[SUPPLIED RECORDS]

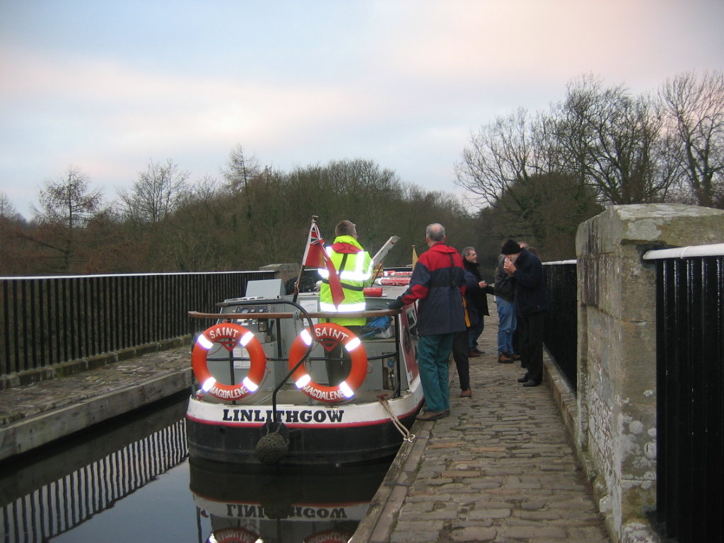 Tripboat on the Avon Aqueduct, Union Canal, Falkirk, Scotland
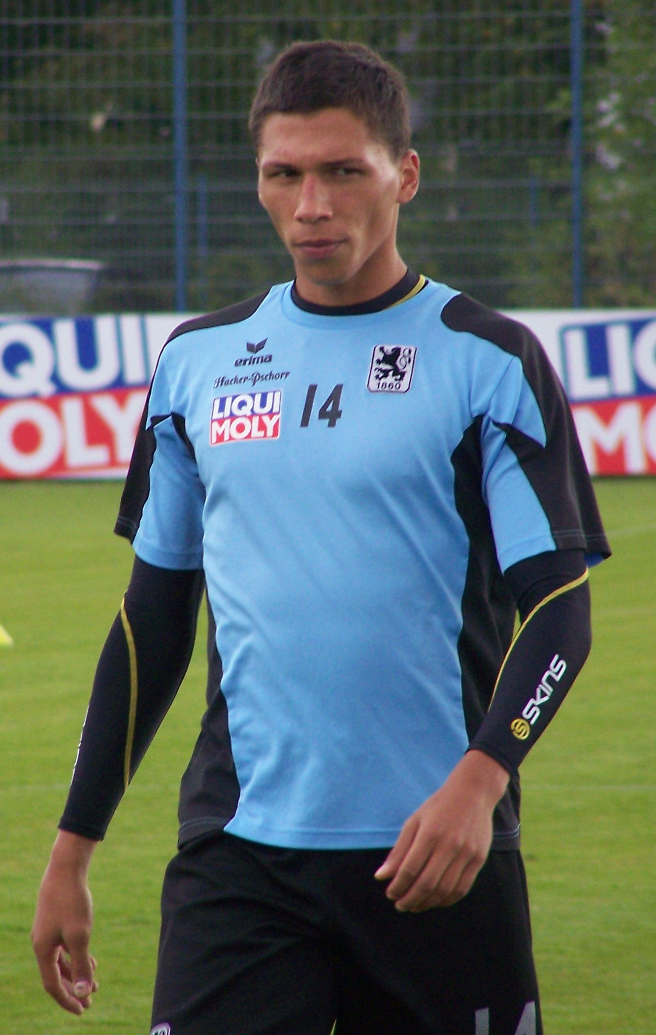 Jose Holebas, 1860 munich, training
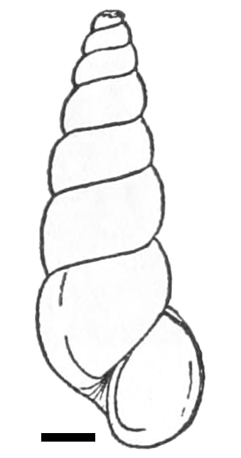 drawing of apertural view of a shell of Oncomelania hupensis nosophora. The scale is 1 mm.
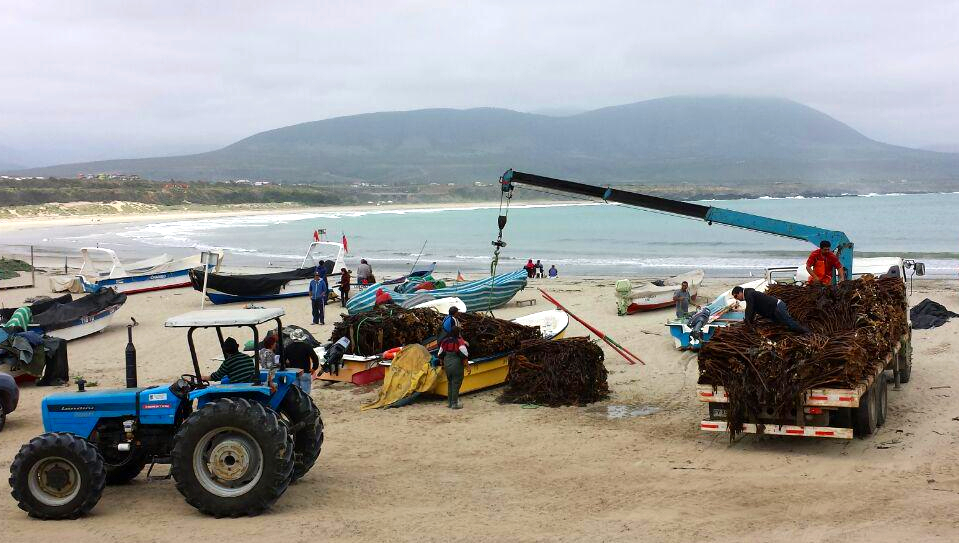 Unshipping and transport of kelp in Los Molles, Los Molles beach Valparaíso Region, Chile
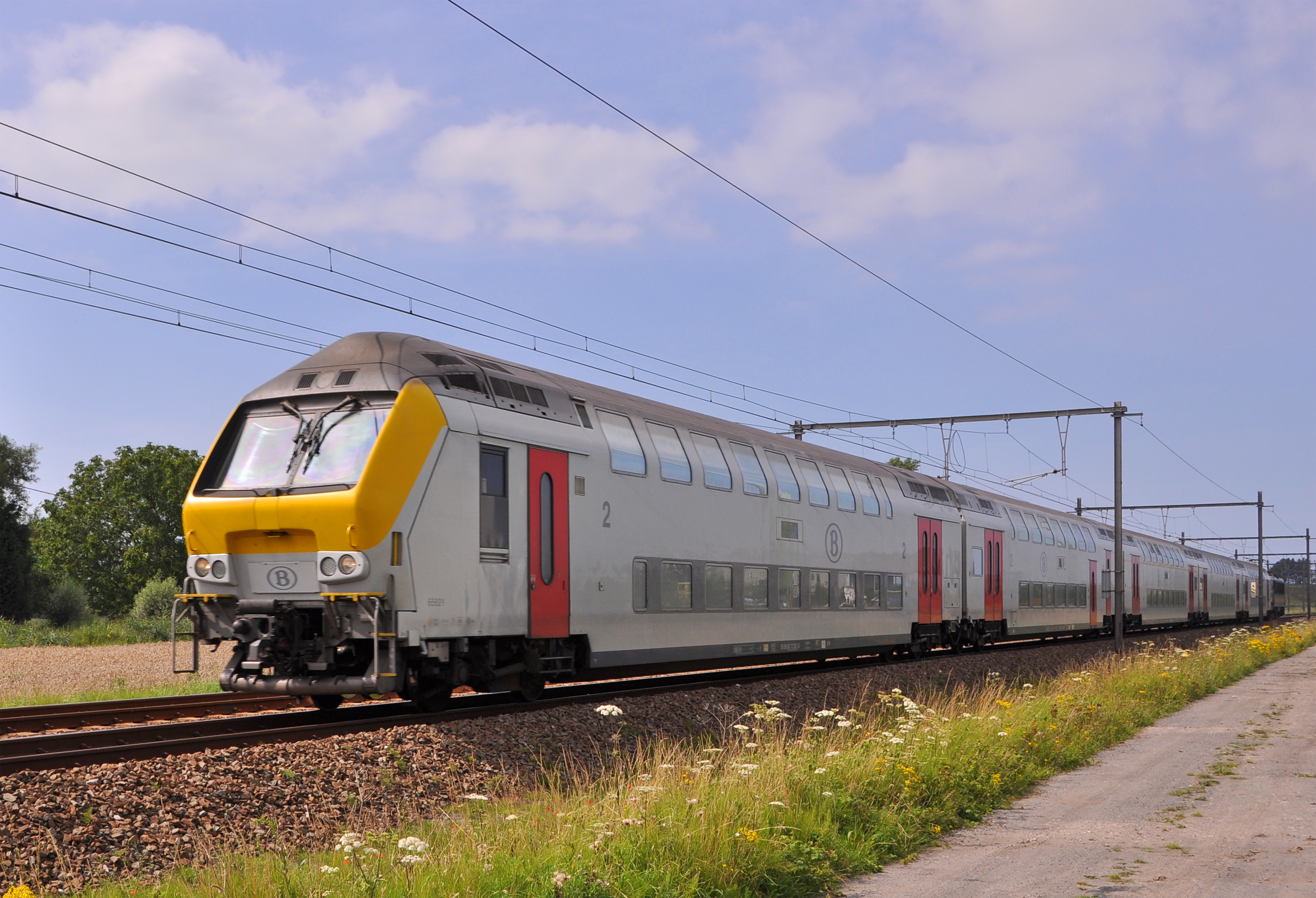 SNCB M6 Control car
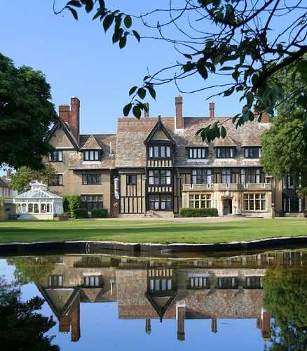 Sizewell Hall viewed over pond
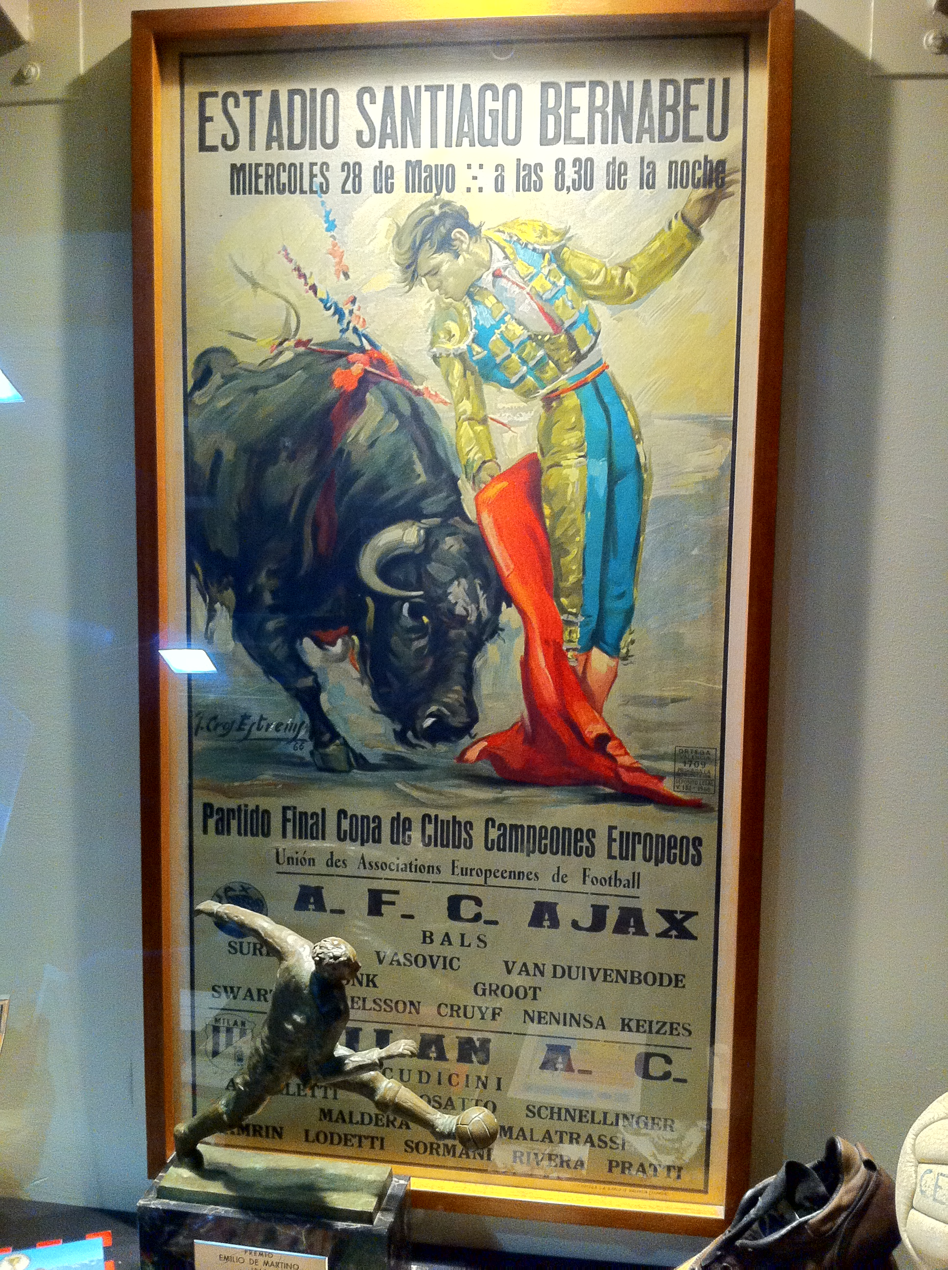 coppa dei campioni
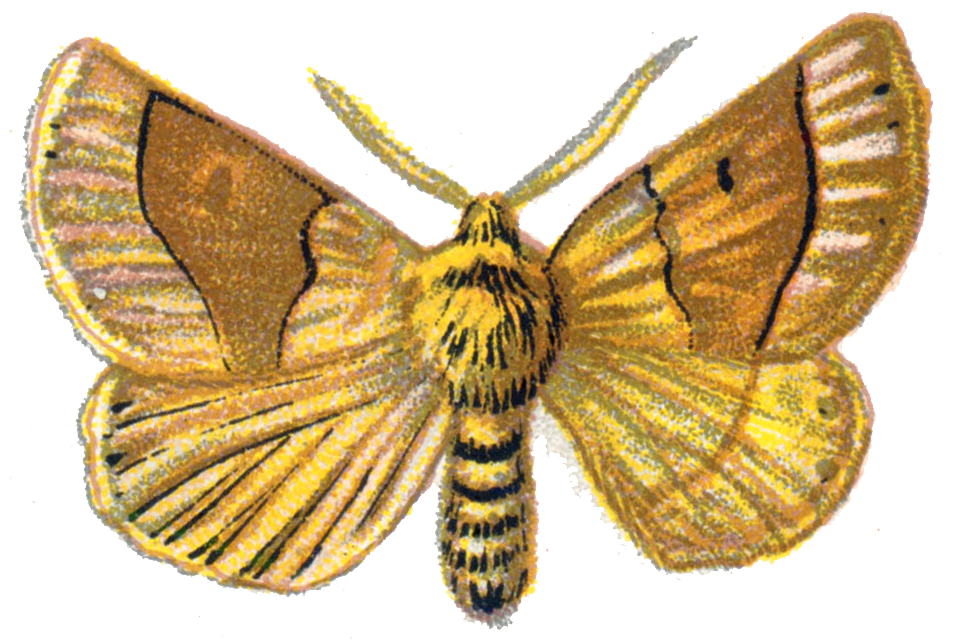 Scalloped Oak
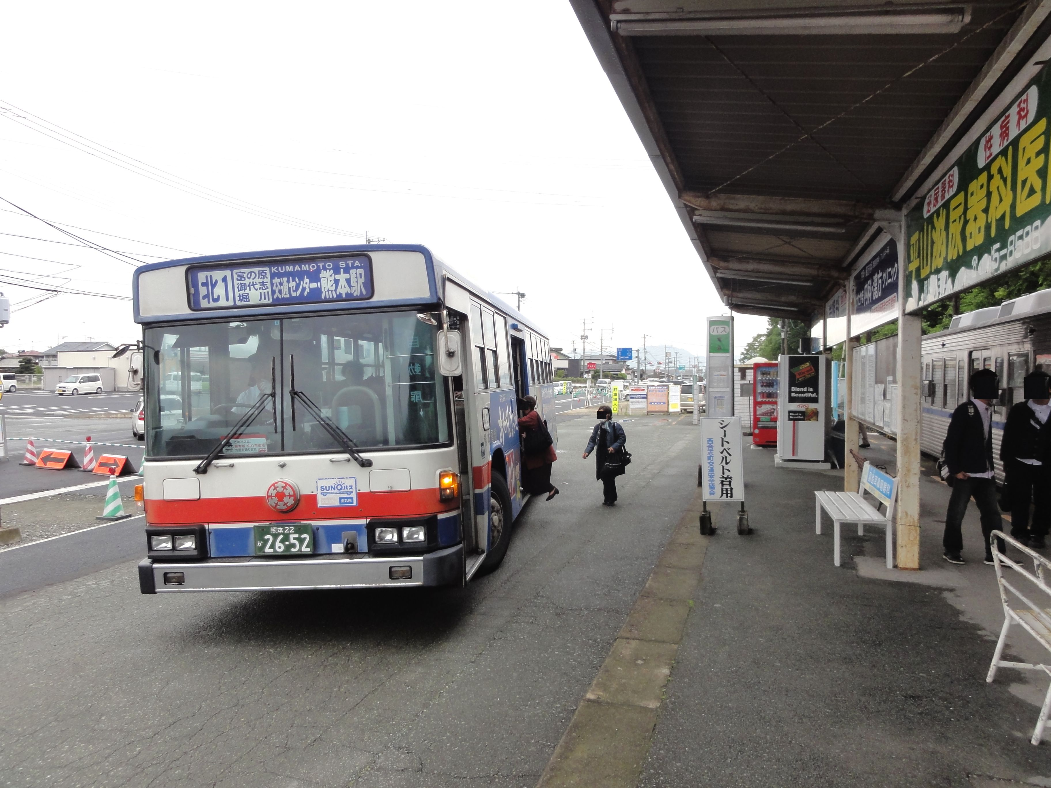 Bus stop at Kumamoto Electric Railway Miyoshi Station
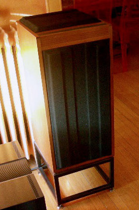 Linn Isobarik loudspeaker quote from Wikipedia:en:Linn Isobarik "The Linn Isobarik DMS (with in-built crossover) in a domestic setting"
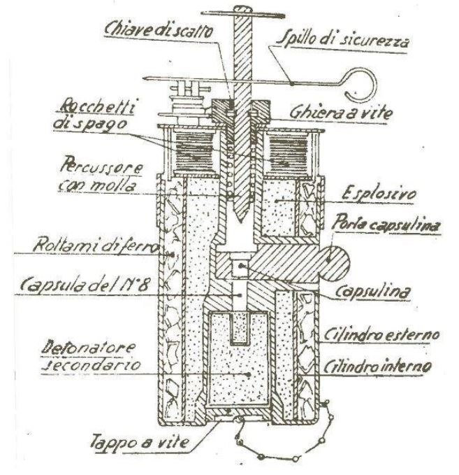 WWII italian land mine
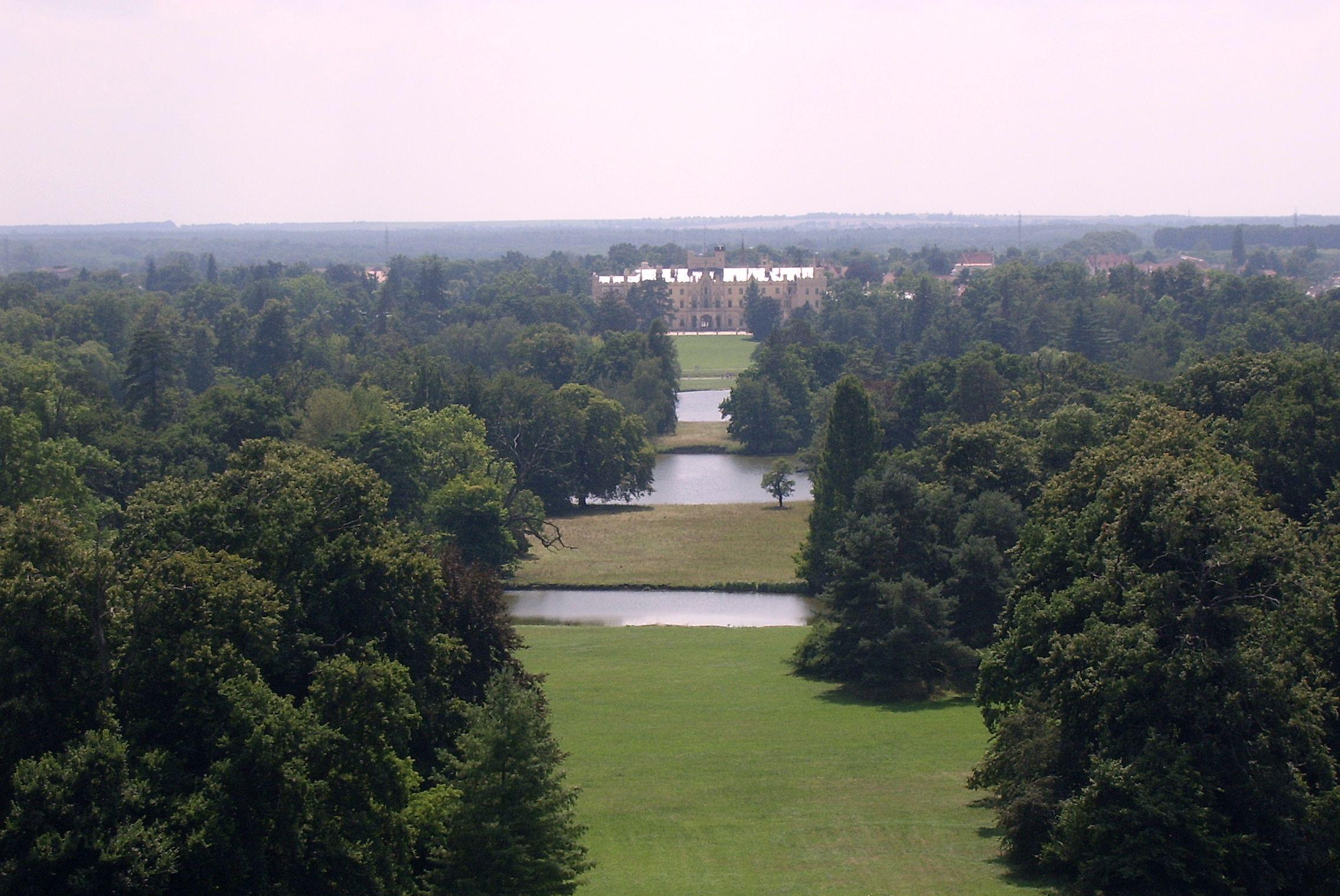 Castle in Lednice (Czech Republic)
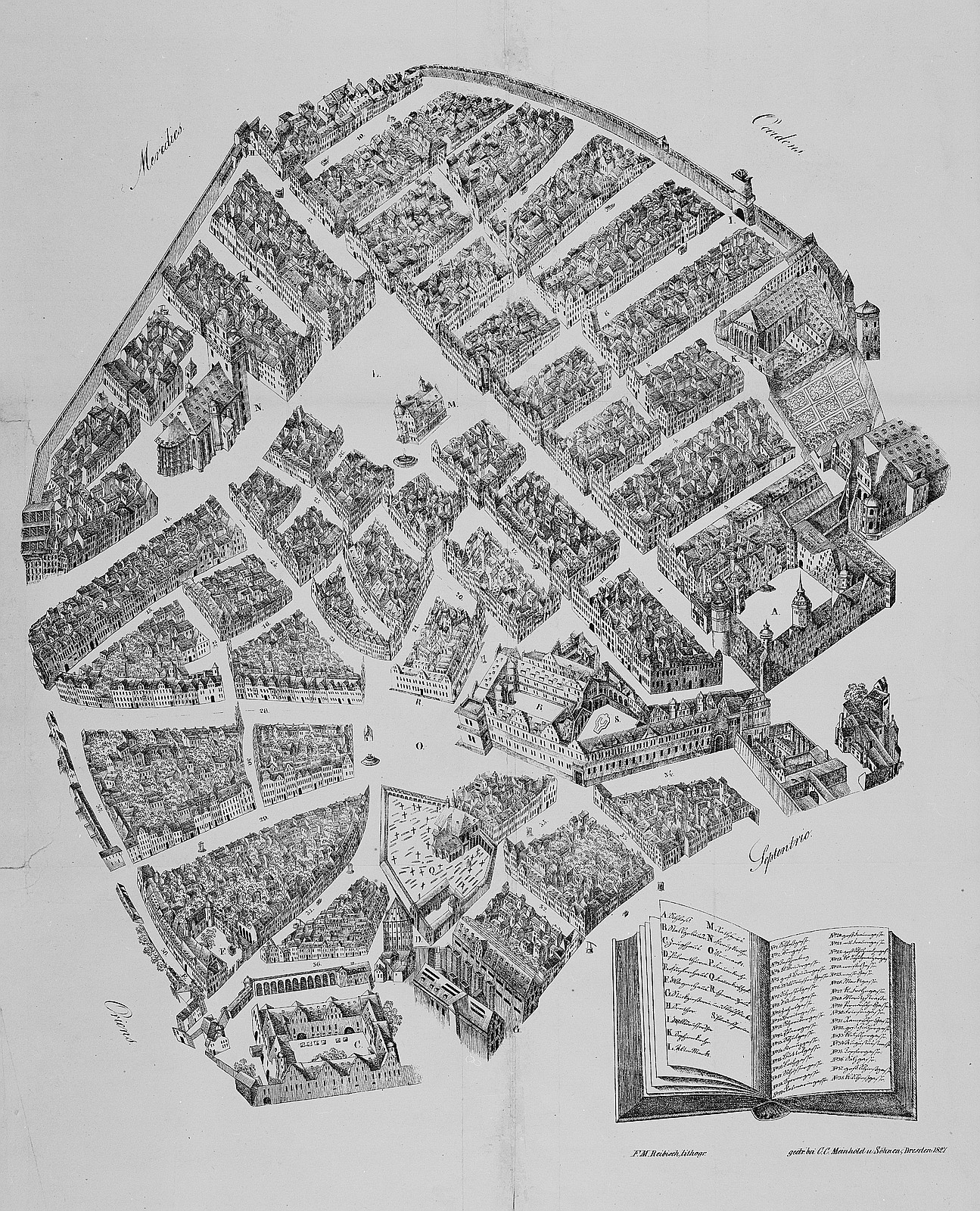 Perspective map of Dresden in 1634, lithography

[/SUPPLIED RECORDS]

• [ASSIGNED TASK] Write out the records once more, exactly as they stand, with no images.

• [TASK OUTPUT]
 Tripboat on the Avon Aqueduct, Union Canal, Falkirk, Scotland
 Jose Holebas, 1860 munich, training
 drawing of apertural view of a shell of Oncomelania hupensis nosophora. The scale is 1 mm.
 Unshipping and transport of kelp in Los Molles, Los Molles beach Valparaíso Region, Chile
 SNCB M6 Control car
 Sizewell Hall viewed over pond
 coppa dei campioni
 Scalloped Oak
 Bus stop at Kumamoto Electric Railway Miyoshi Station
 Linn Isobarik loudspeaker quote from Wikipedia:en:Linn Isobarik "The Linn Isobarik DMS (with in-built crossover) in a domestic setting"
 WWII italian land mine
 Castle in Lednice (Czech Republic)
 Perspective map of Dresden in 1634, lithography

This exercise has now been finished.